It's funny that he ordered it that way to presumably save weight but chose the HT over a post coupe. The coupes are lighter. Since it is all original, I'm not sure I'd want to change much. You could always convert to bucket seats and a floor shift set-up if desiring to change up the sporty feel a bit. 

On the compression/detonation issue, I guess it depends on how much you drive it and the quality of gas you can get. The closed chamber 670 heads will contribute to detonation on today's gas unless you can get the octane way up or use true lead additive like Octane Supreme 130. Even if you can't hear it it's still pinging. That will eventually damage the internals if you drive it with any frequency. I tried keeping the timing down where you are but the exhaust temps would get too hot and the engine would overheat. 

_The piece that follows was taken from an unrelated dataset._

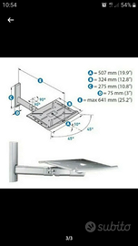 Vendo per inutilizzo supporto per tv (tubo catodico) 20-25" , composto da braccio con doppio snodo e piattaforma inclinabile, più supporti regolabili per alloggiamento (sotto piattaforma) di decoder o lettore dvd oppure videoregistratore. Il modello è Space Sistem TVR25 portata max 40kg.

If looking to avoid this over the long haul, the cheapest route is finding a good head guy to open them to 80 - 85cc so you can get the compression down. Some guys chose to run different heads so they can save the original 670s and keep the rest of the engine unchanged. Uncut original 670s are rare. 

I've found the 670s like a lot more timing, which keeps exhaust temps in check but definitely contributes to pinging. Since I like to drive it a lot and because like yours the driveline is all original, I've decided to budget more money and go the dished piston route. 

Good luck and keep us posted on your progress.


----------